I often say I write science fiction for people who don’t think they read science fiction, and that’s what I like to read as well. My favorite speculative fiction considers possible futures while remembering that the science should be in service of the story, not the other way around. Margaret Atwood is a master of this, whether the primary focus is political, as in the The Handmaid’s Tale, or our bioengineered world, as in her MaddAddam series. Station 11 by Emily St. John Mandel is another example of speculative fiction that crosses genres: dystopian with a lush, literary feel.

I’ve always read across genres, and all over the map: Ray Bradbury, Alice Munro, ZZ Packer, Barbara Kingsolver, Ursula le Guin, Mitchell S. Jackson, Octavia Butler, Joyce Carol Oates. I went through a big John Irving phase, and Christopher Buckley’s always good for a laugh. Hitchhiker’s Guide was huge for me, naturally, and I read all the books in the series.

And I’ve found wonderful additions to my reading list by going to local readings. I encourage folks to support their local authors, not just the big names, because there’s a lot of talent on the ground. I think at last count there were approximately eleventy-billion amazing writers in the DC-metro area.

What books do you recommend to writers interested in exploring flash? 

Reading lots of flash and finding stories that make you shiver is the best way to go. There are lots of journals available online, mostly free, so enjoy!
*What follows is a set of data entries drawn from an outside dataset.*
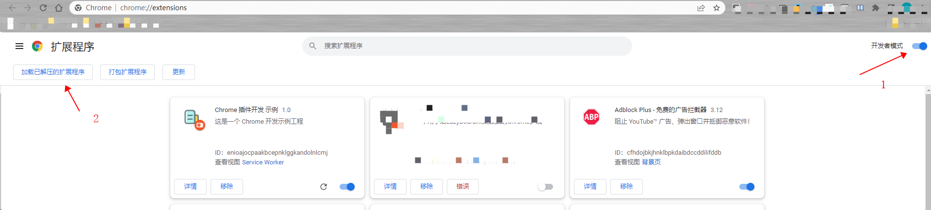 然后就可以尝试一下插件的运行啦,进入插件页面,先在右上角开启开发者模式,然后点击加载已解压的扩展程序,找到你的 start 文件夹加载进来。
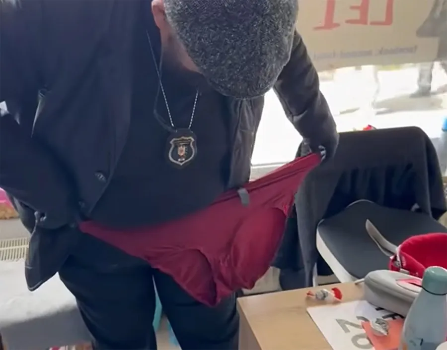 Fostul edil s-a uitat atent la fiecare haină pentru a se asigura că nu îi scapă nimic. În stilul său caracteristic, fostul edil a făcut și o ironie după ce a controlat mai multe articole de lenjerie intimă.
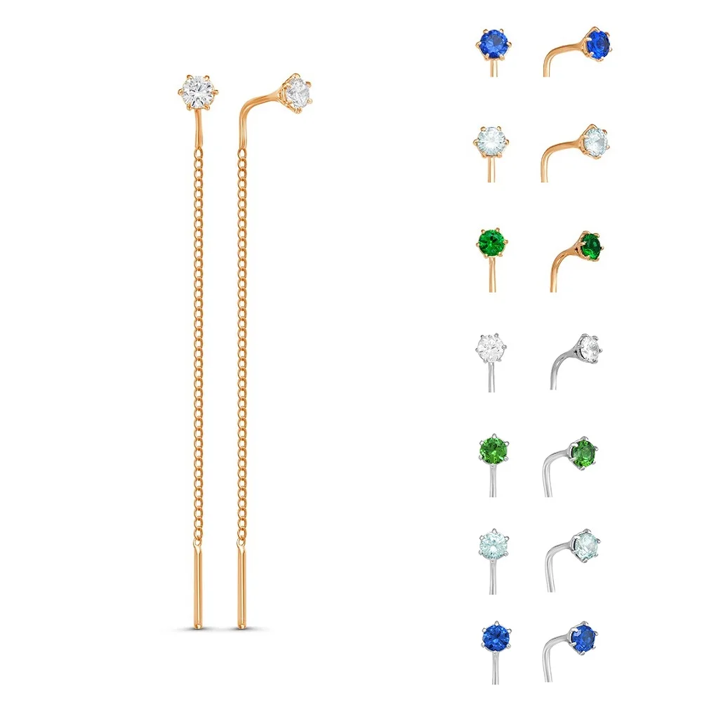 Вставка: Бесцветная - фианит, зелёная и синяя - искусственная шпинель
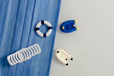 miniatures about relaxing on the beach and protection from viral and bacterial infection on vacation
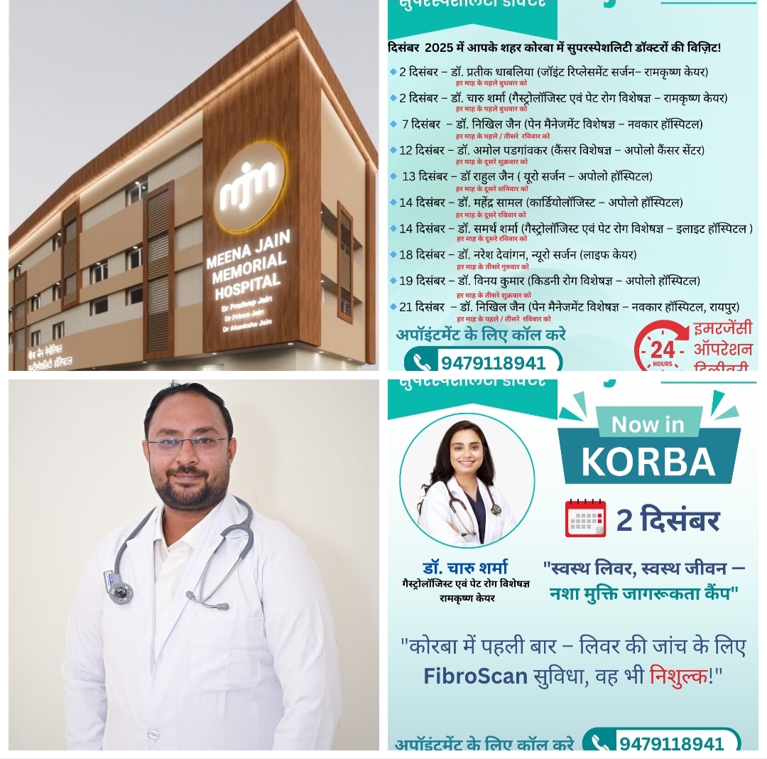 Samachar Chhattisgarh Korba.कोरबा के मरीजों के लिए राहत भरी खबर है। एम.जे.एम. हॉस्पिटल ने दिसंबर 2025 में कई सुपरस्पेशलिटी डॉक्टरों की नियमित विज़िट का शेड्यूल जारी किया है। इसके साथ ही 2 दिसंबर को कोरबा में पहली बार लिवर की जांच के लिए निःशुल्क FibroScan सुविधा भी शुरू की जा रही है। यह तकनीक लिवर की स्थिति जानने के लिए आधुनिक और सुरक्षित पद्धति मानी जाती है।
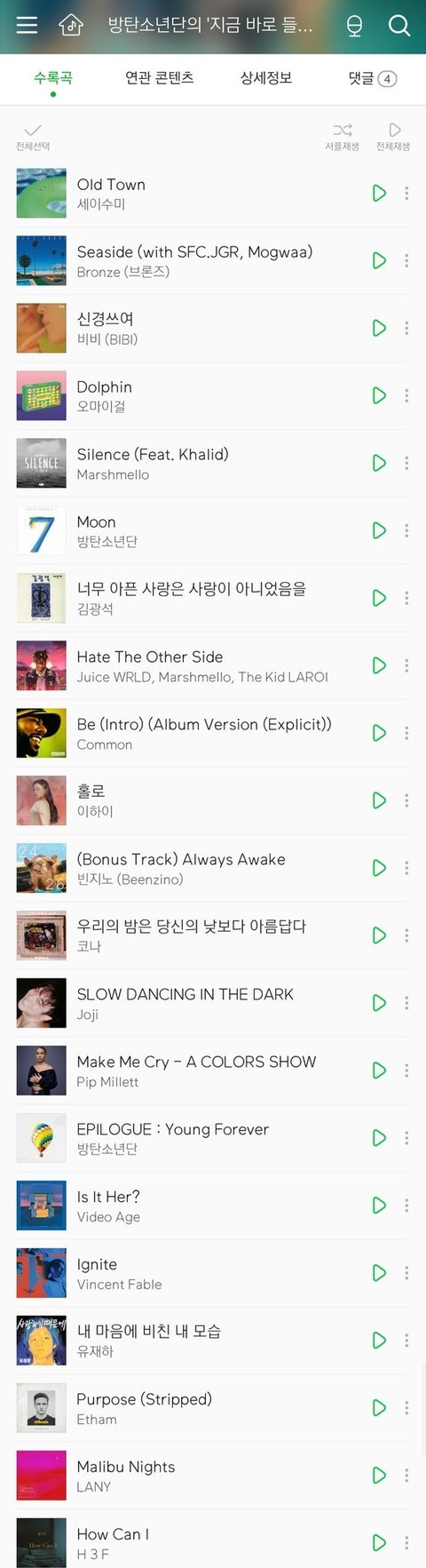 멜롱 애들이 지금 들려주고 싶은 노래 리스트
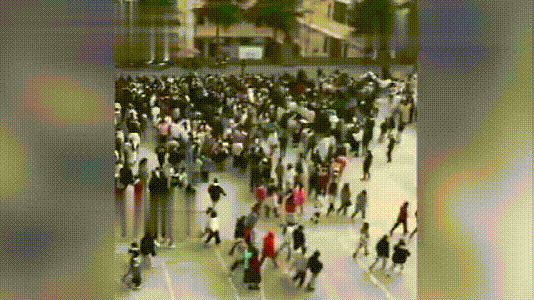 从监控画面中可以看到,地震发生后,当地一中学3800名学生5分钟内成功疏散到操场避难。

Of course, I have to start with Barrelhouse (full disclosure, I’m a fiction editor there). But there’s also (b)OINK, Brevity, CHEAP POP, Cotton Xenomorph, Ellipsis Zine, Every Day Fiction, Flash Fiction Online, Heavy Feather Review, Jellyfish Review, jmww, Journal of Compressed Creative Arts, KYSO Flash, Literary Orphans, Lost Balloon, Matchbook, PANK, SmokeLong Quarterly, Spelk, Split Lip, Tin House, Vestal Review, WhiskeyPaper, and Wigleaf. And then there are the compilations like Best Small Fictions, Wigleaf 50, and Best of the Net (this last one isn’t restricted to flash).

I always hesitate to single out individual authors, because I know I’ll remember dozens more I should have added once the thing goes to print. But I will mention some contemporary writers whose stories I’ve taught in flash courses: Amber Sparks, Rion Amilcar Scott, Kathy Fish, Jan Elman Stout, Kathryn Kulpa, Brynn MacNabb, Christopher Gonzalez, Tyrese Coleman, Tessa Yang, Dorothy Bendel, Cathy Ulrich, Jennifer Young, Megan Giddings, Ben Loory, Miranda Stone, and Virgie Townsend.

What are you working on these days? Any new projects on the horizon? 

My eternal book project still looms large: a historical novel about a “troupe” of Ashanti (now Ghana) on an ethnographic tour to Vienna, Austria in the late 19th century. I came across an Austrian author’s account of this exhibit while working on my MA in German, and I couldn’t believe what I was reading. These ethnographic exhibitions, in which human beings were put on display, sound more like an episode of The Twilight Zone than history. But they actually happened, often taking place in zoos. I wanted to know more, and particularly from the perspective of the people on display. This project a bit of a departure from anything I’ve done before, but the story so captivated me, I have to keep chipping away at it.